The dielectric tensor for the plasma
\(0=\operatorname{Zen}_{z 0}-e n_{e 0}\)
\[n_{z 0}=\frac{n_{e 0}}{Z}\]The no current constraints yields the relationship.
\[0=n_{z 0} Z e \mathbf{u}_{z 0}-n_{e 0} e \mathbf{u}_{c 0}\]Using the above relationship for nz0, we see that the electrons and ion fluids flow with the same speed.
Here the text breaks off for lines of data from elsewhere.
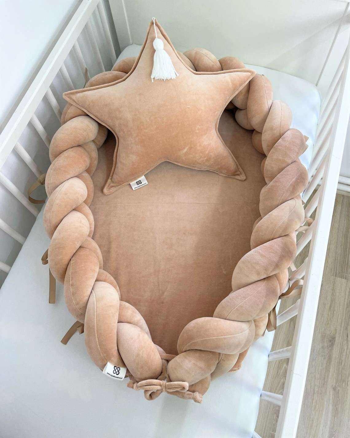 Kvaliteetsest puuvilla veluurist käsitsi valmistatud beebipesa loob turvalise, sooja ja hubase koha vastsündinule, puhkamiseks ning magamiseks. Ideaalne kingitus katsikuks või babyshoweriks.
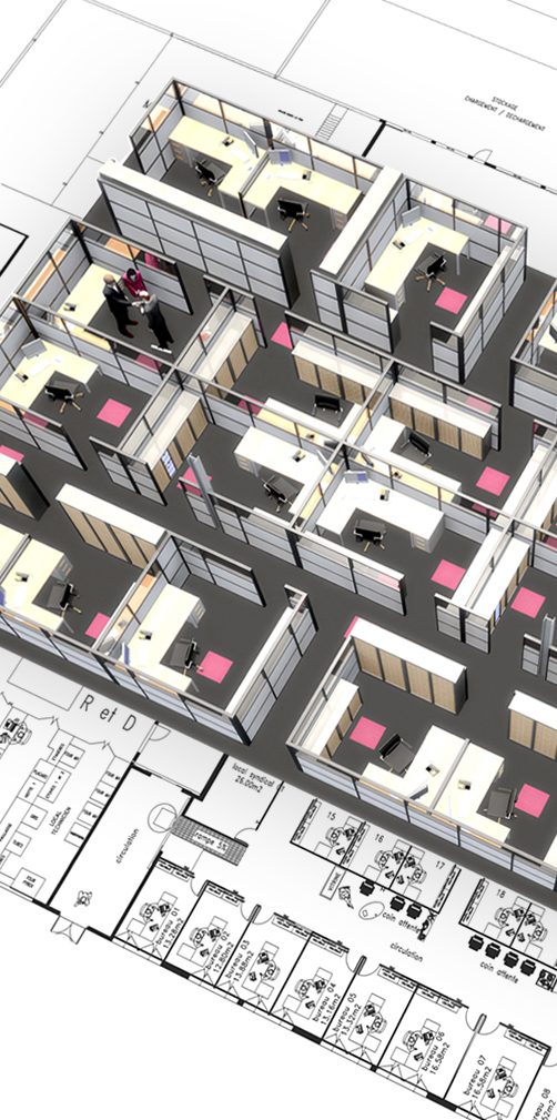 Comment surmonter le manque de synergie entre les équipes tout en optimisant les espaces de rangement ? Telle est la question posée par notre client. Nous avons relevé ce défi en transformant un espace initialement dédié à la confection, libéré et réaménagé pour créer des zones de travail individuelles, soigneusement délimitées par un ensemble de meubles de rangement. Ce projet a vu le jour grâce à une collaboration étroite avec nos fournisseurs de mobilier contemporain et fonctionnel. Après deux mois d’études approfondies et cinq mois de travaux intensifs, cet espace a été métamorphosé. Aujourd’hui, près de neuf ans plus tard, nous continuons avec fierté à assurer la maintenance et l’entretien de ce plateau de bureaux, symbole d’innovation et d’efficacité au service du travail d’équipe.
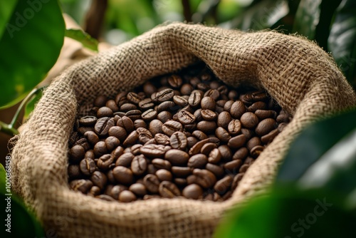 Fototapeta premium Freshly roasted coffee beans are resting in a burlap sack. This image...

\[\mathbf{u}_{e 0}=\mathbf{u}_{z 0}\]The dielectric relationship is obtained from $\epsilon(\omega, \mathbf{k})=\epsilon_{o} \mathbf{I}+(i / \omega) \overrightarrow{\vec{\sigma}}$ where $\overrightarrow{\vec{\sigma}}$ is the conductivity defnied from
\[\mathrm{J}=\overrightarrow{\vec{\sigma}} \cdot \mathbf{E}\]The linearized current is obtained from,
\[\tilde{\mathbf{J}}=\sum_{s} q_{s}\left(n_{s o} \tilde{\mathbf{u}}_{s}+\tilde{n}_{s} \mathbf{u}_{s o}\right)\]where $\mathbf{u}_{s o}$ is a constant constant equilibrium fluid velocity for both the ions and electrons. We assume wave-like solutions $\sim e^{i \mathbf{k} \cdot \mathbf{x}-i \omega t}$. The fluid velocity response is obtained from the linearized momentum equation
\[m_{s} n_{s o}\left(-i \omega+i \mathbf{k} \cdot \mathbf{u}_{s o}\right) \tilde{\mathbf{u}}_{s}=q_{s} n_{s o} \tilde{\mathbf{E}}+q_{s} n_{s 0} \mathbf{u}_{s o} \times \tilde{\mathbf{B}}\]Using from Faraday’s Law $(\nabla \times \tilde{\mathbf{E}}=-\partial \tilde{\mathbf{B}} / \partial t)$, $\tilde{\mathbf{B}}=\mathbf{k} \times \tilde{\mathbf{E}} / \omega$, the pertubated flow vlocity it given by
\[\tilde{\mathbf{u}}_{s}=i \frac{q_{s}}{m_{s}\left(\omega-\mathbf{k} \cdot \mathbf{u}_{s o}\right)}\left[\tilde{\mathbf{E}}+\frac{1}{\omega} \mathbf{u}_{s o} \times(\mathbf{k} \times \tilde{\mathbf{E}})\right]\] \[\tilde{\mathbf{u}}_{s}=i \frac{q_{s}}{m_{s}\left(\omega-\mathbf{k} \cdot \mathbf{u}_{s o}\right)}\left[\tilde{\mathbf{E}}+\frac{\mathbf{k}}{\omega} \mathbf{u}_{s o} \cdot \tilde{\mathbf{E}}-\frac{\mathbf{k} \cdot \mathbf{u}_{s o}}{\omega} \tilde{\mathbf{E}}\right] .\]The density response is
\[\left(-i \omega+i \mathbf{k} \cdot \mathbf{u}_{s o}\right) \tilde{n}_{s}+i n_{s o} \mathbf{k} \cdot \tilde{\mathbf{u}}_{s}=0\]which, in combination with the fluid velocity perturbation gives \(\tilde{n}_{s}=n_{s o} \frac{\mathbf{k} \cdot \tilde{\mathbf{u}}_{s}}{\omega-\mathbf{k} \cdot \mathbf{u}_{s o}}=i \frac{q_{s} n_{s o}}{m_{s}\left(\omega-\mathbf{k} \cdot \mathbf{u}_{s o}\right)^{2}}\left[\mathbf{k} \cdot \tilde{\mathbf{E}}\left(1-\frac{\mathbf{k} \cdot \mathbf{u}_{s o}}{\omega}\right)+\frac{k^{2}}{\omega} \mathbf{u}_{s o} \cdot \tilde{\mathbf{E}}\right]\)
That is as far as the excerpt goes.